In a recent Ontario Court of Appeal decision, a daughter won a costs appeal after successfully defending her father’s will. Her two brothers were ordered to pay her $150,000.
The father died on April 29, 2009. He had three children: two sons and a daughter. His wife had died in 2005.
In January 2006, the father executed a will, leaving his entire estate to his daughter. Previous wills had distributed the estate among his three children and grandchildren.

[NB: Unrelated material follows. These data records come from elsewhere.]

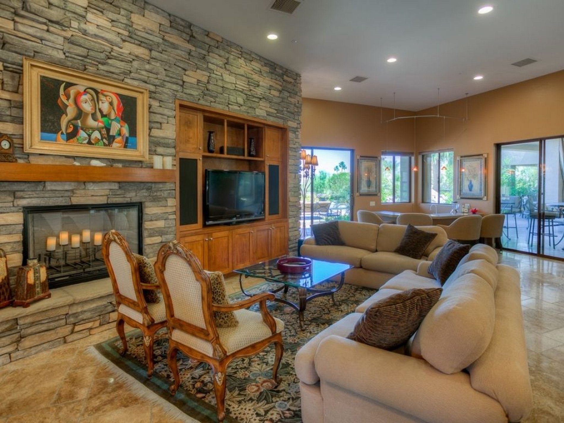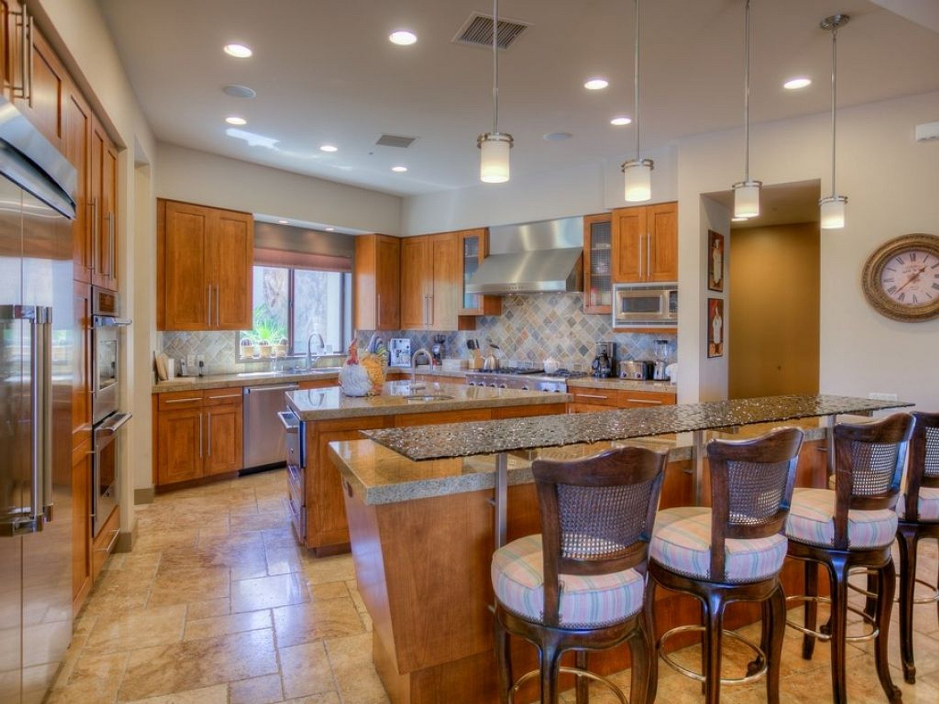 The open plan living spaces boast a great room with 20' retractable sliding glass doors leading to outdoor living spaces. Contemporary and comfortable, the great room features flat screen TV, a fireplace, and a step down bar. The kitchen is a chef's delight and even offers a wine refrigerator and casual dining bar.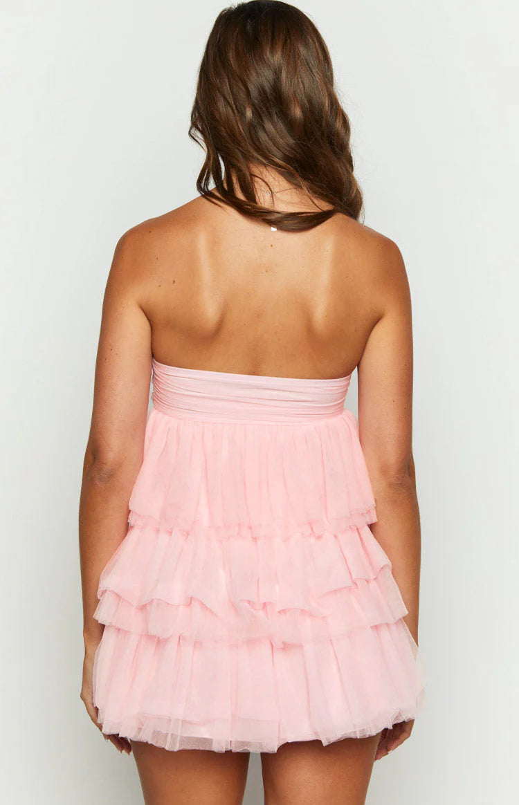Make a statement at your next party event in this pink strapless mini dress! Featuring a stunning tiered design, pair with white strappy heels and gold jewellery to look effortlessly gorgeous!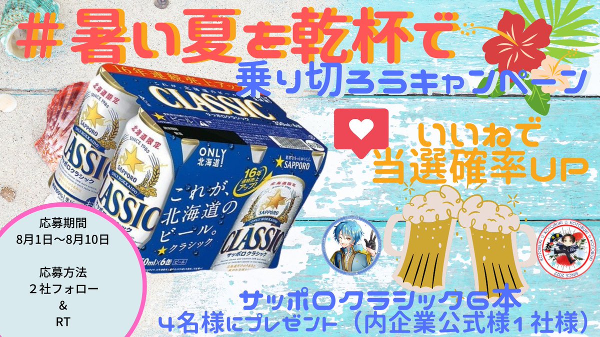 🍻サッポロクラシック350ml×2本を2名様に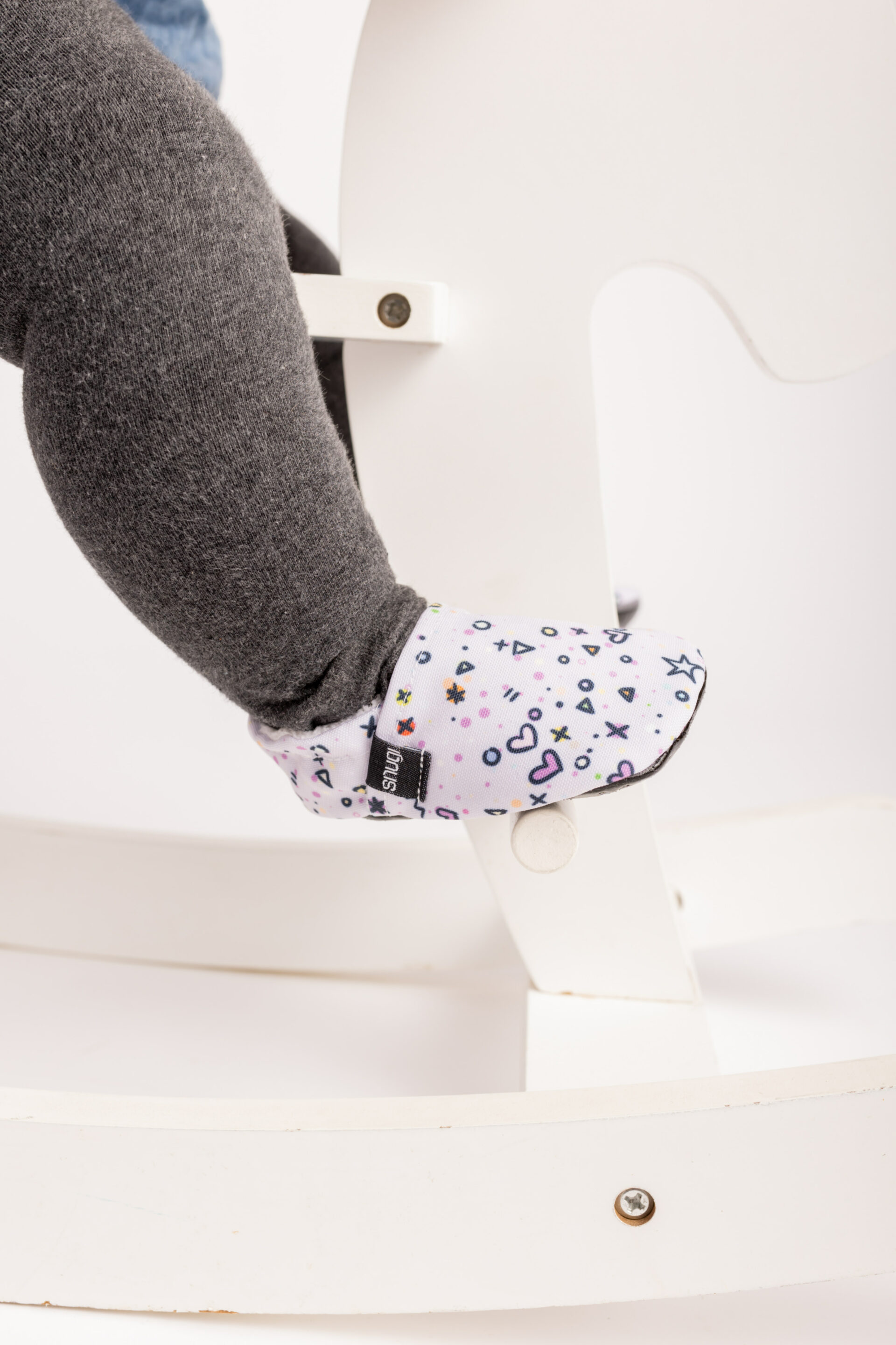 Omogočajo koži, da diha. Snugi copati so zračni, zato zagotavljajo dobre higienske pogoje in preprečujejo razvoj glivične okužbe. So enostavni za obuvanje, med igro otrok ne ovirajo in se ne sezuvajo. Otroci si jih lahko nadenejo brez pomoči.

In August 2011, the two sons commenced an action against the daughter and the estate. They sought:
- to set aside the 2006 will;
- a declaration that part of the daughter’s home was held in trust for the estate of the father;
- an accounting of the assets of the estate; and
- damages against the daughter for conversion of estate property and breach of fiduciary duty.
Lower Court Decision
The trial lasted for 21 days. Ultimately, the trial judge dismissed all of the claims made by the sons. He held that the claims were statute-barred by the Limitations Act, 2002. He further held that, although the sons had shown suspicious circumstances in relation to the execution of the 2006 will arising from the father’s dementia, the daughter had discharged her onus to prove testamentary capacity. The trial judge further held that the sons had failed to show undue influence.
Having determined that the claims were statute-barred and that the will was valid in any event, the trial judge did not consider the merits of the other claims advanced by the sons.
The sons commenced an appeal from the trial judge’s decision. That appeal was dismissed for delay. A motion to set aside the dismissal failed.
The daughter had sought costs in the amount of $395,898, but the judge ordered the parties to bear their own costs. The daughter sought and obtained leave to appeal the costs order.
Court of Appeal Decision
The court began by explaining that cost awards are discretionary. It stated that the Court of Appeal rarely grants leave to appeal a cost order and will vary that order only if the appellant demonstrates legal error, or that the order is “plainly wrong”.
The court then noted that the daughter was entirely successful at trial and that in the normal course of events, she would have received her costs.
In reviewing the judge’s costs endorsement, the court stated that he made reference to two features of the trial proceedings before indicating that there would be no award as to costs. First, he noted that the sons had successfully established “suspicious circumstances” surrounding the 2006 will, but had failed in their claim on account of the limitation period. Second, the judge indicated that the daughter had given “misleading evidence” about her father’s mental state. He held that the daughter’s attempt to mislead the court could not be condoned and was “relevant” to his costs decision.
However, the Court of Appeal found this mischaracterized the trial judge’s detailed factual findings in his reasons for judgment. While the trial judge had accepted that the sons had shown suspicious circumstances in respect of the 2006 will, he went on to find that the daughter had rebutted those suspicious circumstances and demonstrated her father’s testamentary capacity. The trial judge had made strong findings of fact in favour of the daughter on both the testamentary capacity and the undue influence issues.
As a result, the sons had lost at trial on all fronts. The Court of Appeal therefore found that the implication in the costs endorsement that success had been somehow divided at trial was not borne out by an examination of the trial judge’s reasons for judgment.
Additionally, at trial, the judge had found that the daughter had misled the court in recollecting a conversation with her father’s doctor. While the Court of Appeal found that it was open to the trial judge to find that the daughter misled the court during the trial, costs are not to be used to punish a litigant for giving misleading evidence. The court found that the misleading evidence given by the daughter could not justify, on its own, a denial of costs in respect of a 21-day trial in which the daughter was entirely successful in defending the will. It found that the judge erred in law by focusing his costs analysis almost exclusively on the misleading nature of one aspect of the daughter’s evidence.
Finally, the court found that the judge should have more fully explained why, despite the daughter’s total success, she was denied her costs.
For these reasons, the Court of Appeal found that the judge’s cost order was “plainly wrong” and awarded the daughter costs in the amount of $150,000 for the trial and $10,000 for the appeal. The costs were to be payable by the two sons.